Scope of this topic (VoIP Protocols)

1.3
Beyond VoIP Protocols is a companion reference to IP Telephony: Deploying Voice-over-IP Protocols (for more details see the last page of this topic). Both topics have been written with the goal of supporting those involved in the design and deployment of multimedia VoIP projects, and provide invaluable references for most of the required technology.
Our idea is that during the execution of a project, an engineer frequently needs to have a fairly accurate view of ‘the complete picture’ in order to avoid fundamental mistakes or misunderstandings, and he/she will usually only need a complete, exhaustive reference for a small fraction of the overall technology involved. In our professional lives, we all have spent an enormous amount of time compiling this ‘complete picture’, and we hope that these two topics will significantly reduce the time needed to assimilate the essential information and avoid many of those errors that can be made through only being aware of half the picture. That said, our intention was to provide a complete overview and not every detail on each subject. For instance, when introducing the audio-coding techniques in topic 2, we do provide some background on the ‘Z transform’ in order to give a feel for the power of this technique and become capable of understanding the
codec design diagrams. This background obviously does not replace a complete topic on the Z transform if your intention is to specialize in codec design and audio-processing algorithms. Similarly, if you do design an H.323, SIP, or MGCP device, you will need to actually read the parts of the standards that relate to your specific application, but Beyond VoIP Protocols will help you skip through 90% of the text, as you will already have enough background.
We structured our reference texts as two topics, because most projects involve two phases:
In phase 1, IP Telephony: Deploying Voice-over-IP Protocols can help you combine the various protocols for the target service, and complements the standards by discussing the most common issues that may result from incomplete protocol implementations, or architectures optimized for private networks which fail in a public environment. This first topic focuses on the functional aspects.
In phase 2, you will need to know how many users the application will serve, you will need to select or configure an IP distribution network, you will need to build a business model for the service. In so doing, you will have to answer questions like: ‘How many gateway ports do I need for 150,000 users?’ ‘Is 128 kbit/s upstream sufficient to support VoIP for my DSL users?’ ‘Can this DSLAM support 5,000 users with 10% placing a phone call and 20% watching IP-TV?’ ‘Do I need an IP DSLAM, or will two ATM VCs per DSL user be sufficient to provide support for VoIP and video?’ ‘What is the cost per user of this softswitch, which is sold per simultaneous call?’
Beyond VoIP Protocols will not directly answer 100% of these questions, because every deployment is a unique challenge, but it will provide some useful tools that can be used as building blocks to help formulate a complete deployment strategy.
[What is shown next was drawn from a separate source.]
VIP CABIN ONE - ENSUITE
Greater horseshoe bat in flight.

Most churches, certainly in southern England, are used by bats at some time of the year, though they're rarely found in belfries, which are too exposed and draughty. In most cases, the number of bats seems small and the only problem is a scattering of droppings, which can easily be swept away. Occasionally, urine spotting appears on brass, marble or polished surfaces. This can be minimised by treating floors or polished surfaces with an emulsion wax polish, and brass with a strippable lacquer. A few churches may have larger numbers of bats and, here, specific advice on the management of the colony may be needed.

For instance, every question that relates a number of users to a number of ports, calls, or aggregate bandwidth ultimately boils down to an Erlang calculation. The answer to most quality of service-related questions is a properly designed set of differentiated service levels which must obey certain constraints (detailed in topic 4), such as similarity of aggregated streams, proper support by the layer 2 transport level, etc.